Qual è il primo passo da fare?
- Prima di tutto accettare senza riserve quello che vuole attraversarci. Quello dell’ accoglienza e del “lasciar arrivare” è il vestito di quell’energia femminile che mai come adesso abbiamo bisogno di integrare ri-conoscendo quell’energia maschile che dentro di noi è avvezza a a combattere e a “raggiungere” nella corsa sfrenata a non si sa bene cosa.
Attenzione: la prima cosa che vogliamo combattere è proprio la paura. Quante volte hai sentito la frase “combattere la paura e conquistare il coraggio”?
E’ stata questa una delle espressioni che ha letteralmente traumatizzato il nostro bambino interiore. Te lo ricordi vero? Tutte le volte che avresti voluto osare qualcosa di nuovo arrivava a paralizzarti, non tanto l’idea della paura quanto quella di doverla combattere per poter raggiungere non si sa bene cosa.
Il fatto è che il seme di quel che sei destinato ad essere esiste già, dentro di te, e per poterti manifestare ti è chiesto solo di permetterti di avere paura. Il Vangelo ci racconta che uno dei più grandi Maestri mai esistiti, il Cristo, ha avuto un sacco di paura. Se l’ è concessa.. Perchè non dovremmo permettercelo noi comuni mortali?
La paura accolta, compresa, attraversata e trascesa è un ponte tra la nostra dimensione umana e Dio .
Tanta parte di spiritualità commerciale ci vende la possibilità, puramente illusoria, di renderci immuni alla paura: teorie e tecniche per non sentire la paura al tal punto da rendere, quella spiritualità da banco del supermercato una sorta di antidoto. L’ennesimo farmaco che ci fa dimenticare la straordinaria capacità di auto-guarirci quando ci concediamo di essere semplicemente.
Perchè niente sarà mai più produttivo di ciò che in quella paura ti ci porta dentro. Senza se e senza ma.
Ed ecco che Ri-tornare a casa è un movimento, una danza che ci chiede di fluire con la vita e per la vita, realizzando che avere pura non è sbagliato come da bambini ci hanno più volte trasmesso.

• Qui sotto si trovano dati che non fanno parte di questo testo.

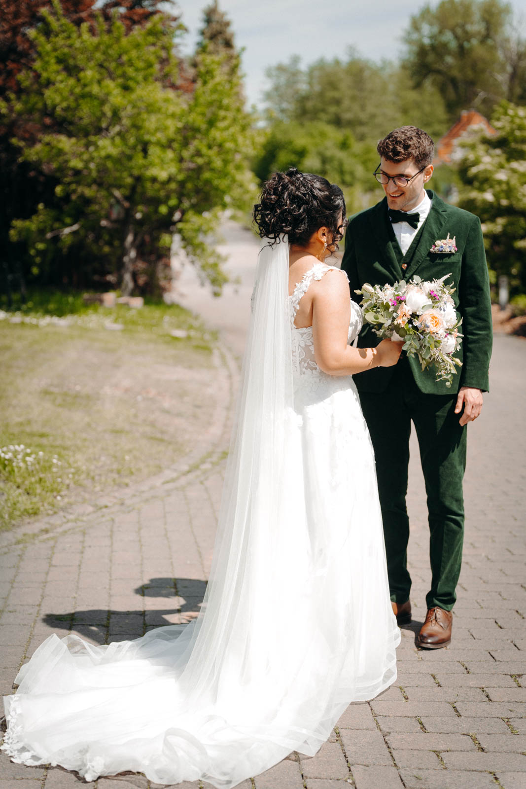 Die Villa Hof Langenborn bietet nicht nur eine traumhafte Kulisse für die Trauung, sondern auch eine Fülle an Möglichkeiten für außergewöhnliche Hochzeitsfotos. Vom verträumten Garten mit romantischen Ecken bis hin zu den historischen Mauern der Villa – überall finden sich wunderbare Orte, die perfekt in Szene gesetzt wurden. Das Brautpaar nutzte die weiten, grünen Wiesen und das elegante Anwesen für romantische Aufnahmen, die ihre Verbindung und den Charme der Hochzeitslocation perfekt zur Geltung bringen. Auch die kleinen Details, wie die liebevoll dekorierten Tische im Außenbereich, die Laternen entlang der Wege und die rustikalen Holzbänke für die Gäste, trugen zur malerischen Atmosphäre bei und sind auf den Fotos festgehalten.

Non appena mi do questo permesso, un passaggio magico/iniziatico si compie : io inizio ad essere “quello che ha paura”permettendomi di essere vulnerabile.
Quanta bellezza ci può essere nella propria vulnerabilità? Ve lo siete mai chiesti?
L’Anima “non ha mai paura di aver paura e di certo non la giudica sbagliata. Per questa ragione, sa di non dover inseguire il coraggio perchè è la semplice accettazione della paura a portare in dono la fiducia, che è ciò di cui il tuo bambino interiore ha bisogno per esprimere ogni suo talento.
Ecco che tornare a casa diventa possibile quando cambiamo la prospettiva dello sguardo: dalla personalità che combatte contro ogni cosa al Cuore, l’unico realmente capace di cogliere quanta mirabile bellezza ci sia in ogni accadimento.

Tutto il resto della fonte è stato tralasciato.